(DATA FOR THIS EXERCISE)

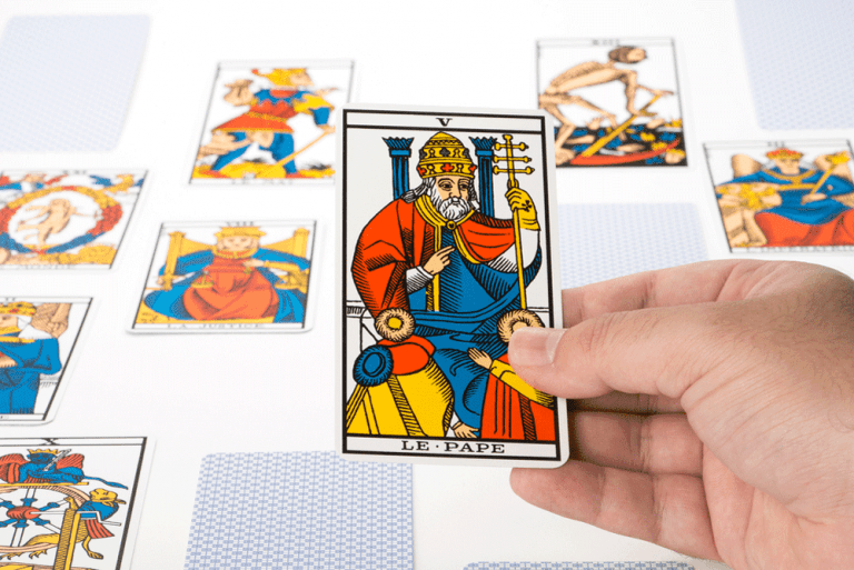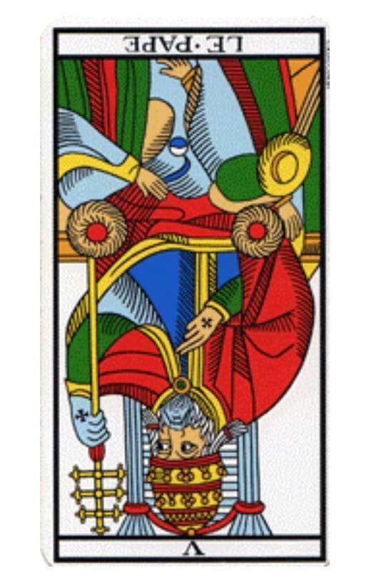 Il Papa è un pontefice, crea un ponte nella trasmissione della conoscenza. Questa fase è importante: chi non trasmette, non evolve. Indica anche il momento in cui è necessario darsi delle regole, una morale. Ma quando il Papa è rovesciato può indicare una totale assenza di etica o di morale, un eccesso di dogmatismo, una comunicazione ingannevole o inefficace. Un falso maestro, un insegnamento non adeguato. Problemi con il padre.
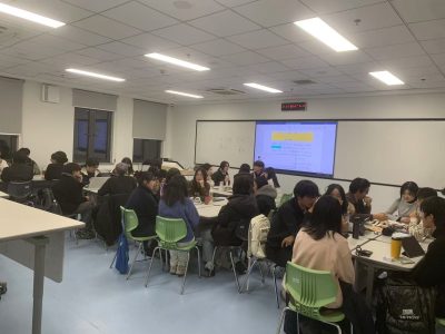 日本語学科の授業に参加させていただいた時の写真。まず初めに日本人留学生が自己紹介をして、それぞれグループに分かれて日本の文化、中国の文化について話し合いました。
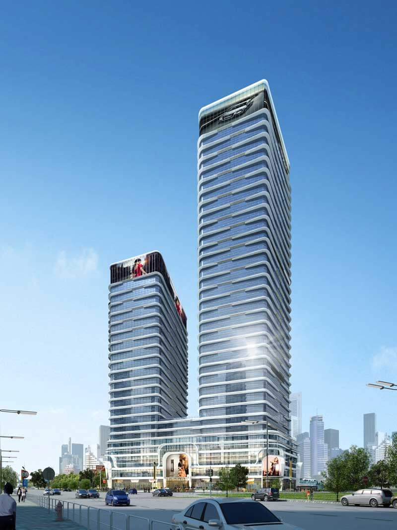 141.9米高度,橫琴國際商務服務基地位于廣東省珠海市橫琴自貿區,幕墻面積7.2萬平方米。項目采用了單元式玻璃幕墻、鋁板幕墻、大跨度幕墻。
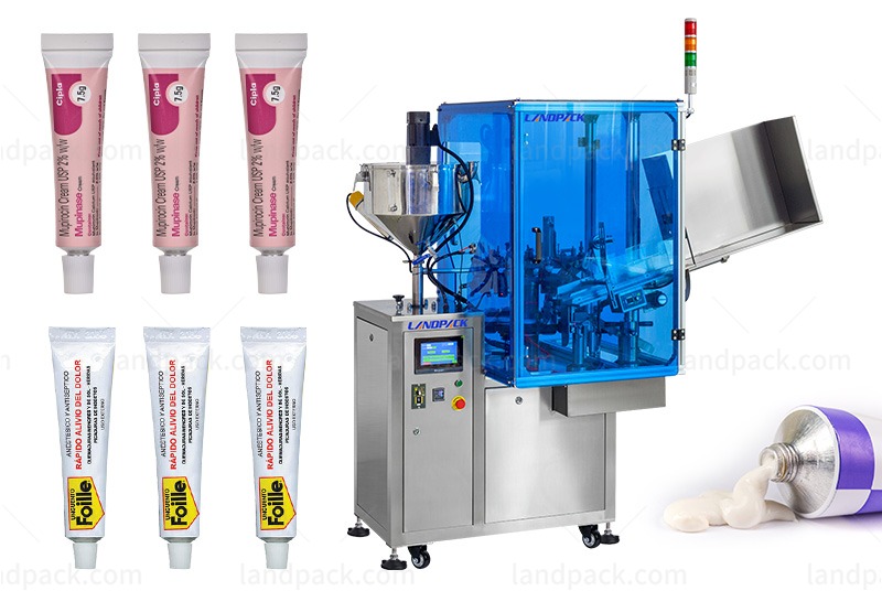 The automatic aluminum tube filling machine is suitable for pharmaceutical, ointment, adhesive, AB glue, epoxy glue, skin cream, hair dye, shoe polish, toothpaste, and other liquid or paste materials. The machine’s outrigger mechanism is made of aluminum alloy and stainless steel and is equipped with a protective cover.
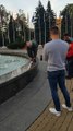 This elderly man did something extremely fascinating. He hopped on a bicycle that was almost the size of his foot and comfortably rode it around a fountain. He sang along while he rode his mini ride.

(End DATA FOR THIS EXERCISE)

YOUR GOAL: All records must be output exactly as they are, except for the pictures, which are left out.

YOUR SOLUTION:
 Il Papa è un pontefice, crea un ponte nella trasmissione della conoscenza. Questa fase è importante: chi non trasmette, non evolve. Indica anche il momento in cui è necessario darsi delle regole, una morale. Ma quando il Papa è rovesciato può indicare una totale assenza di etica o di morale, un eccesso di dogmatismo, una comunicazione ingannevole o inefficace. Un falso maestro, un insegnamento non adeguato. Problemi con il padre.
 日本語学科の授業に参加させていただいた時の写真。まず初めに日本人留学生が自己紹介をして、それぞれグループに分かれて日本の文化、中国の文化について話し合いました。
 141.9米高度,橫琴國際商務服務基地位于廣東省珠海市橫琴自貿區,幕墻面積7.2萬平方米。項目采用了單元式玻璃幕墻、鋁板幕墻、大跨度幕墻。
 The automatic aluminum tube filling machine is suitable for pharmaceutical, ointment, adhesive, AB glue, epoxy glue, skin cream, hair dye, shoe polish, toothpaste, and other liquid or paste materials. The machine’s outrigger mechanism is made of aluminum alloy and stainless steel and is equipped with a protective cover.
 This elderly man did something extremely fascinating. He hopped on a bicycle that was almost the size of his foot and comfortably rode it around a fountain. He sang along while he rode his mini ride.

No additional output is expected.